WHAT YOU NEED TO DO> Within the entries below, output exactly the lines between the line containing "Nuestra Tela Principe" and the line containing "نظمت كلية الحاسبات", inclusive, and omit any picture.

[DATA UNDER STUDY — start]

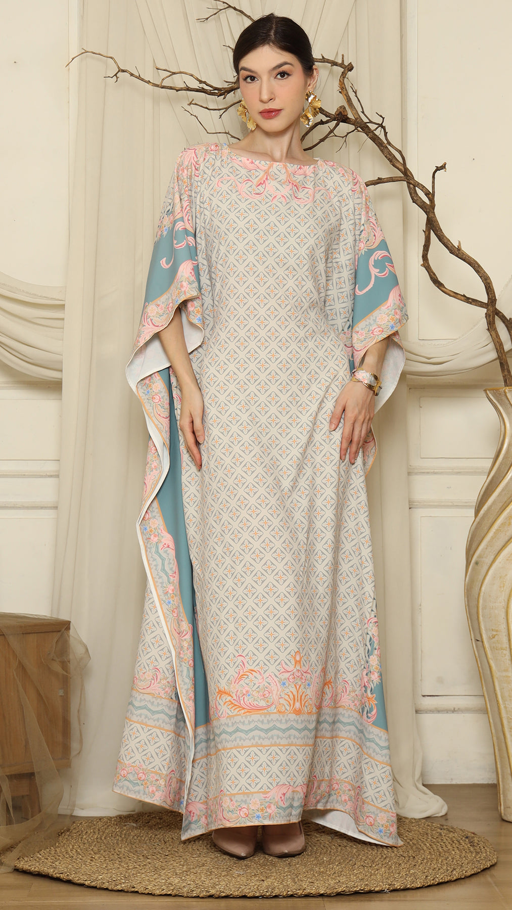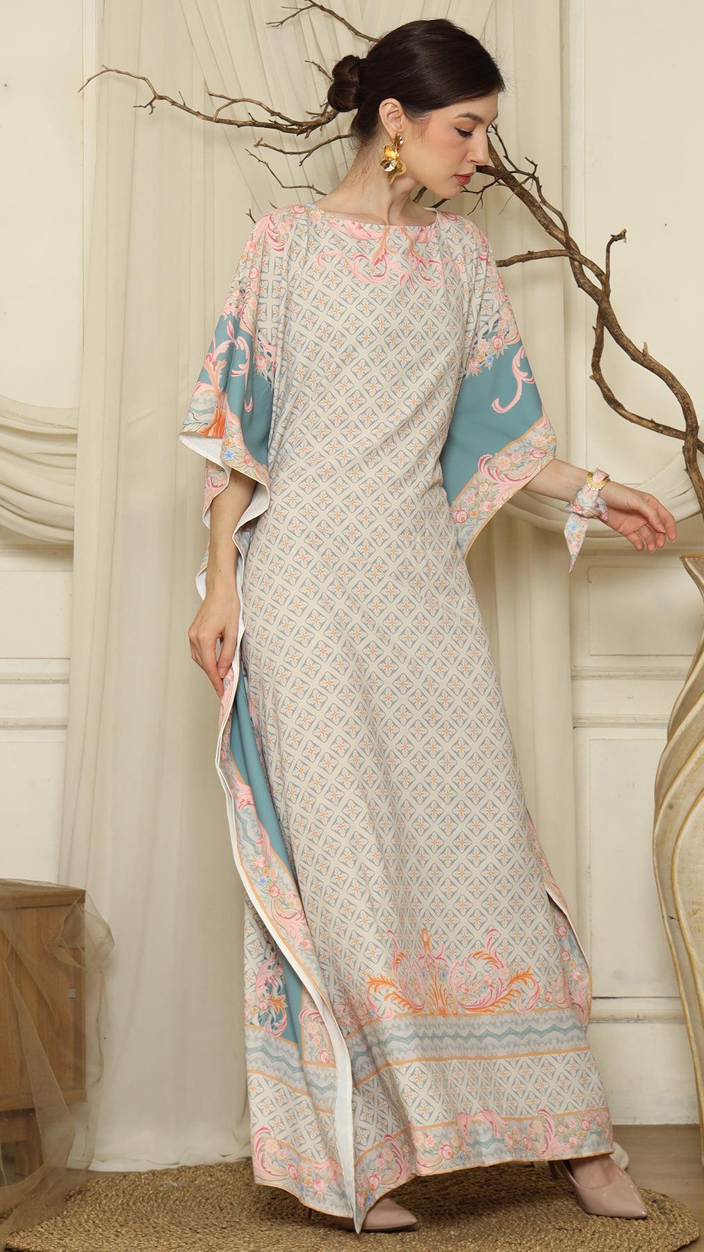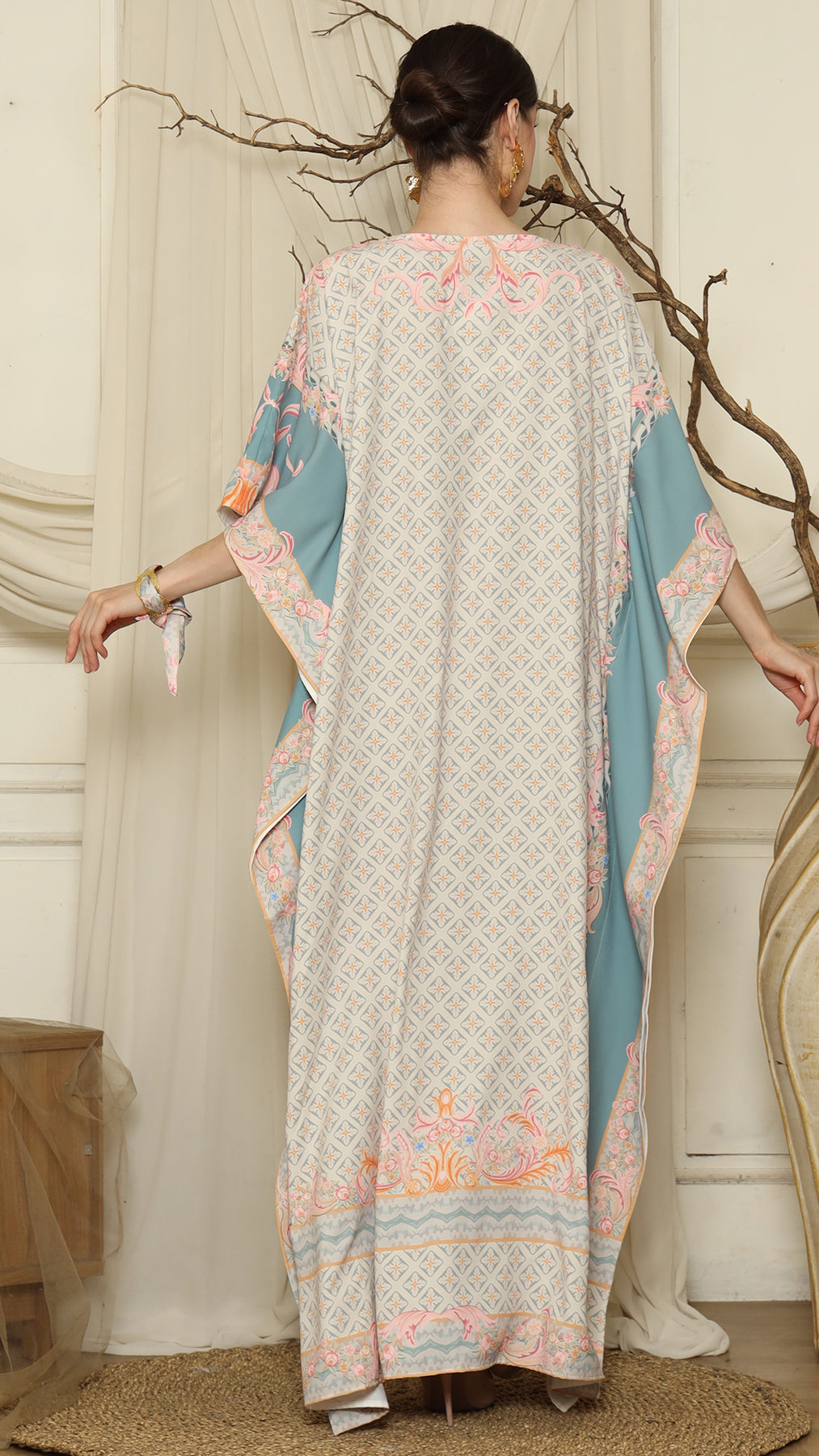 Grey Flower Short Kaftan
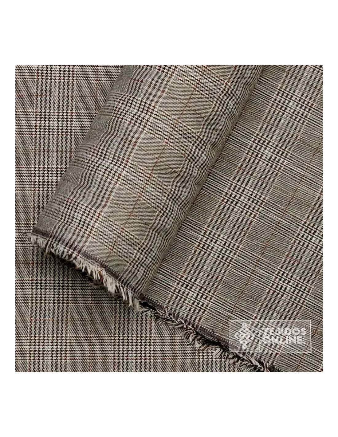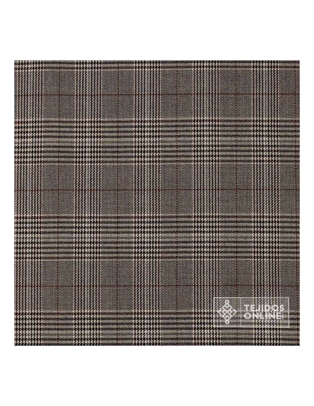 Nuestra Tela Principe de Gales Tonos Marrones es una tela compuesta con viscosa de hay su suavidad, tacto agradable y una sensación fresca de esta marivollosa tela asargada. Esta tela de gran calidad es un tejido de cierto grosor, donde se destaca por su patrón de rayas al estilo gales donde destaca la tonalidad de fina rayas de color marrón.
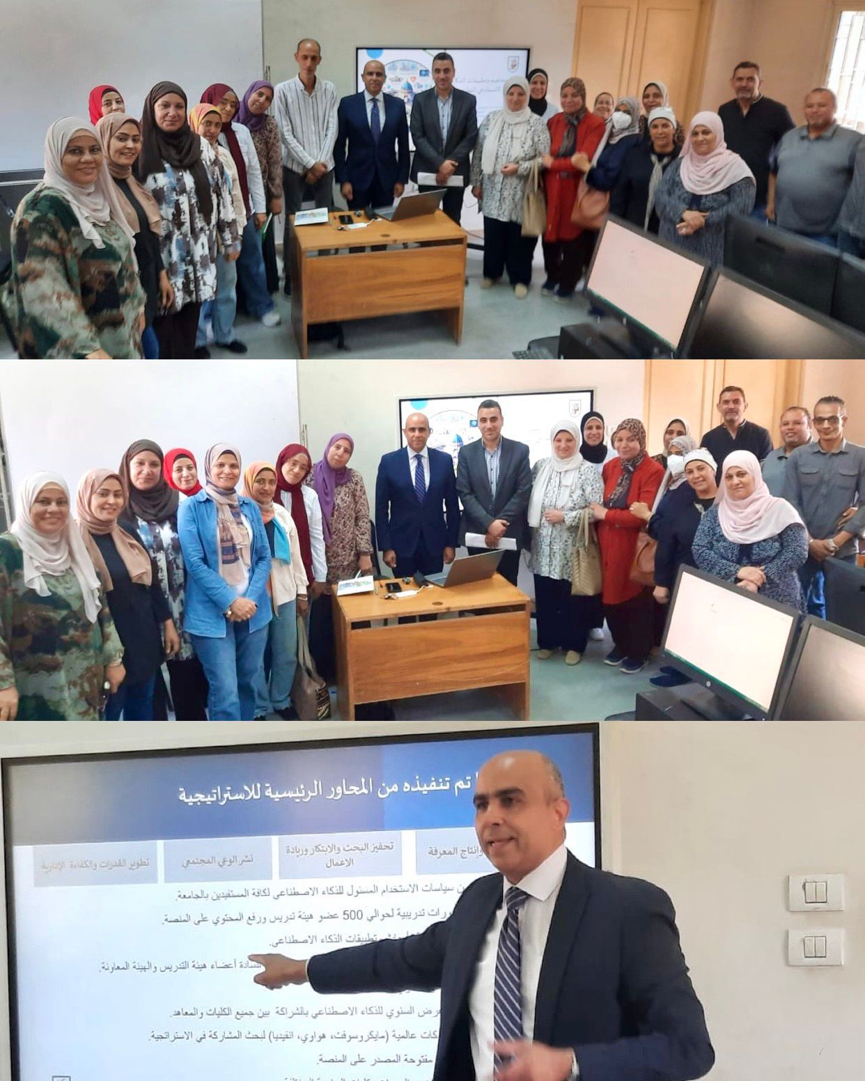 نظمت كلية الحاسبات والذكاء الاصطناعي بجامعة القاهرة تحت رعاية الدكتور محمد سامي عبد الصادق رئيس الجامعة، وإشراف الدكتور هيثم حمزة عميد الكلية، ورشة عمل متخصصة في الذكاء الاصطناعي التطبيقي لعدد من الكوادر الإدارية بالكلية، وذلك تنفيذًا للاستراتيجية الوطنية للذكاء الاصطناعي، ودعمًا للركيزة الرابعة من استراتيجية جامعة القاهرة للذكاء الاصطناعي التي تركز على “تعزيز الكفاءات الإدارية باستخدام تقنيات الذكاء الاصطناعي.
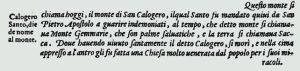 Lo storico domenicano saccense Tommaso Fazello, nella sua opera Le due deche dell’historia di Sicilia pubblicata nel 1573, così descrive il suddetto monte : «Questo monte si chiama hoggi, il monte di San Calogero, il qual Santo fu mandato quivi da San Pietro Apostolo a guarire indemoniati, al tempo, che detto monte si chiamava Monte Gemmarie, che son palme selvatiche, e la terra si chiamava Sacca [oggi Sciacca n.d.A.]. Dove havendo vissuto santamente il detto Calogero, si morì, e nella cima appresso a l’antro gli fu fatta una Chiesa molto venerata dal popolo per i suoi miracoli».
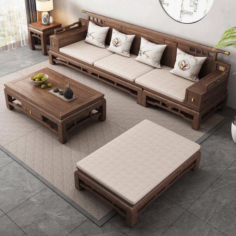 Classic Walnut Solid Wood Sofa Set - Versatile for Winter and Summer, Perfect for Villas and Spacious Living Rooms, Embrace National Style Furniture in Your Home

[DATA UNDER STUDY — finish]

RESPONSE FOR THIS EXERCISE>
 Nuestra Tela Principe de Gales Tonos Marrones es una tela compuesta con viscosa de hay su suavidad, tacto agradable y una sensación fresca de esta marivollosa tela asargada. Esta tela de gran calidad es un tejido de cierto grosor, donde se destaca por su patrón de rayas al estilo gales donde destaca la tonalidad de fina rayas de color marrón.
 نظمت كلية الحاسبات والذكاء الاصطناعي بجامعة القاهرة تحت رعاية الدكتور محمد سامي عبد الصادق رئيس الجامعة، وإشراف الدكتور هيثم حمزة عميد الكلية، ورشة عمل متخصصة في الذكاء الاصطناعي التطبيقي لعدد من الكوادر الإدارية بالكلية، وذلك تنفيذًا للاستراتيجية الوطنية للذكاء الاصطناعي، ودعمًا للركيزة الرابعة من استراتيجية جامعة القاهرة للذكاء الاصطناعي التي تركز على “تعزيز الكفاءات الإدارية باستخدام تقنيات الذكاء الاصطناعي.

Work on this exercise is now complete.